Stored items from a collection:
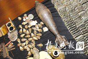 為什么如此熱衷于征集侵華日軍遺物?聽了張廣勝的自述,記者才知道原來他的外公就是在抗日戰(zhàn)爭中被日軍將雙眼弄瞎的。“小的時候我常聽身邊的老人們講故事,講到日本侵略者的暴行,在我心里留下了深深的烙印。后來工作了,有一次下鄉(xiāng),我還記得那是1998年,偶然在一個山村里見到一個放羊人,他將頭羊拴在地上吃草,而我驚訝地發(fā)現(xiàn),他用來拴頭羊的那根鐵桿竟然是日本二戰(zhàn)時最常用的三棱式刺刀。這使我一下子想起許多童年聽到的故事,我覺得有必要把這個刺刀帶回去給大家看看,從這開始我經(jīng)常利用業(yè)余時間上山下鄉(xiāng),去尋找當(dāng)年日軍在東三省留下的遺物!
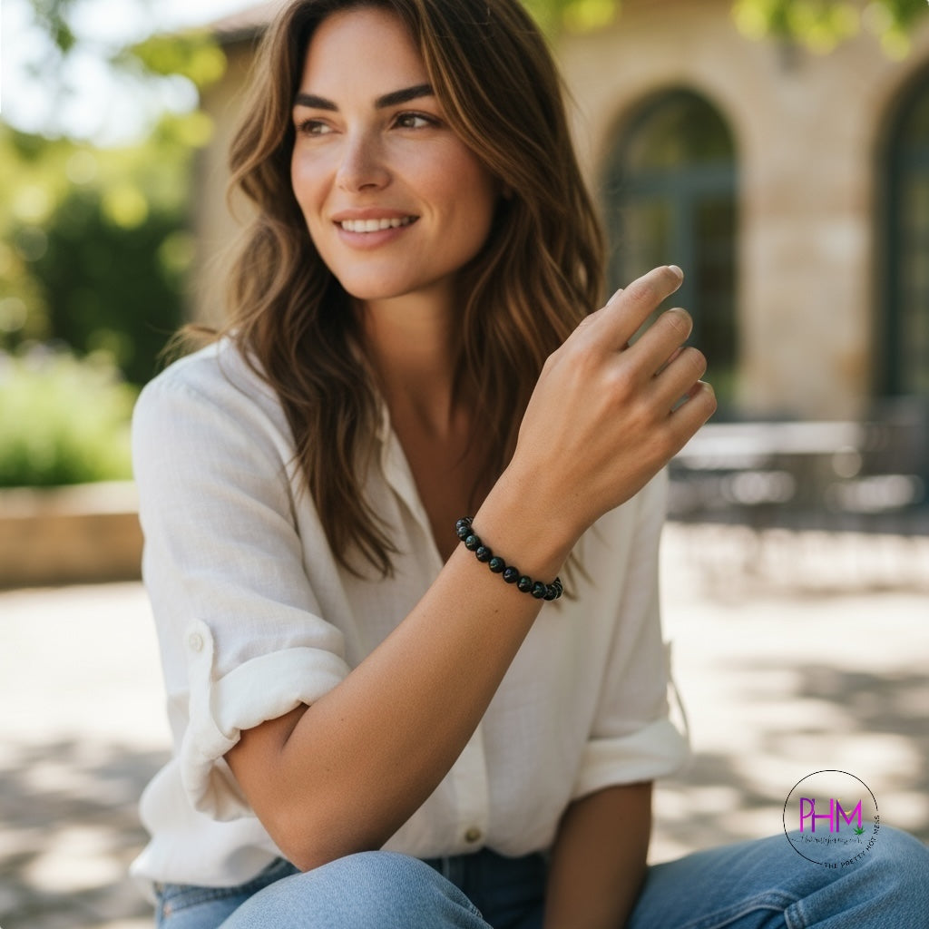 Channel your inner powerhouse with our Golden Sheen Obsidian Bracelet, a stunning talisman of strength, protection, and confidence. ✨ Each bead glimmers with molten gold light — a reminder that your magic is fierce, radiant, and unstoppable.
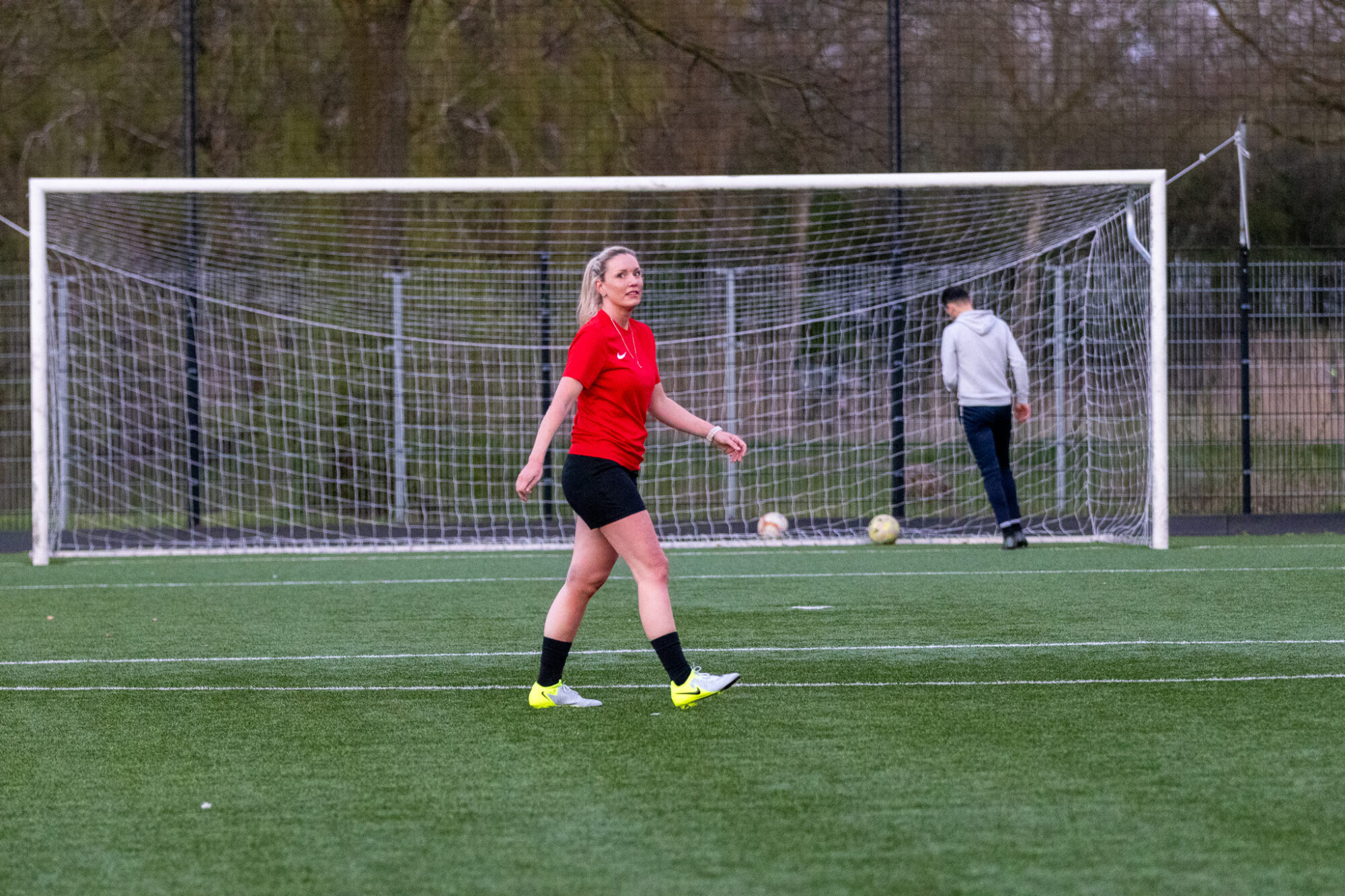 Ik voelde het gras onder mijn voeten en de bal aan mijn voet. Dat eerste contact voelde meteen goed en vertrouwd. Het is niet dat het al heel veel voorstelde, maar alleen al het feit dat ik weer op het veld stond, deed veel met me. Bijna een uur lang deden we een aantal loop-, dribbel- en passvormen. Als afsluiter mocht ik vanaf de 16 een aantal ballen op doel schieten. Conditioneel heb ik nog veel stappen te zetten, maar het balgevoel is er nog. De lach verdween niet meer van mijn gezicht. Tijdens het trainen drong het meerdere keren tot me door hoe lang ik hier naartoe heb gewerkt. Het maakte me enorm blij en trots.
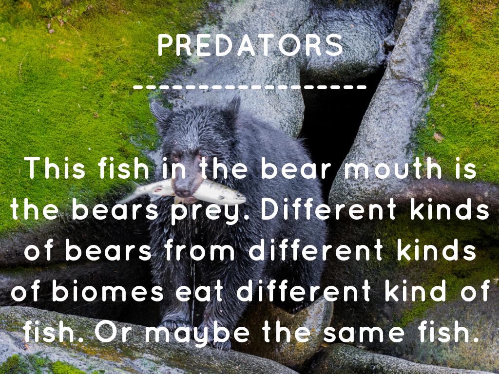 This fish in the bear mouth is the bears prey. Different kinds of bears from different kinds of biomes eat different kind of fish. Or maybe the same fish.
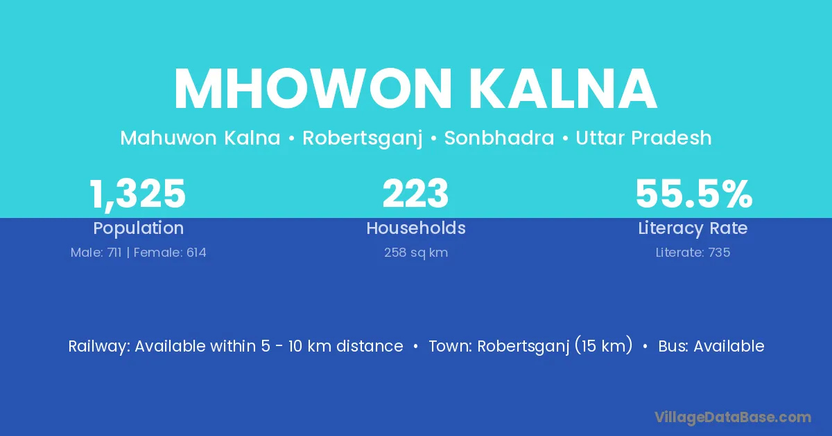Robertsganj (15 km) is the nearest town to Mhowon Kalna village for major economic activities and is located approximately 15 km away.

• What this task involves: Each line from the start of the entries above through the line with "Channel your inner" should be duplicated exactly, leaving out the pictures.

• Result below:
 為什么如此熱衷于征集侵華日軍遺物?聽了張廣勝的自述,記者才知道原來他的外公就是在抗日戰(zhàn)爭中被日軍將雙眼弄瞎的。“小的時候我常聽身邊的老人們講故事,講到日本侵略者的暴行,在我心里留下了深深的烙印。后來工作了,有一次下鄉(xiāng),我還記得那是1998年,偶然在一個山村里見到一個放羊人,他將頭羊拴在地上吃草,而我驚訝地發(fā)現(xiàn),他用來拴頭羊的那根鐵桿竟然是日本二戰(zhàn)時最常用的三棱式刺刀。這使我一下子想起許多童年聽到的故事,我覺得有必要把這個刺刀帶回去給大家看看,從這開始我經(jīng)常利用業(yè)余時間上山下鄉(xiāng),去尋找當(dāng)年日軍在東三省留下的遺物!
 Channel your inner powerhouse with our Golden Sheen Obsidian Bracelet, a stunning talisman of strength, protection, and confidence. ✨ Each bead glimmers with molten gold light — a reminder that your magic is fierce, radiant, and unstoppable.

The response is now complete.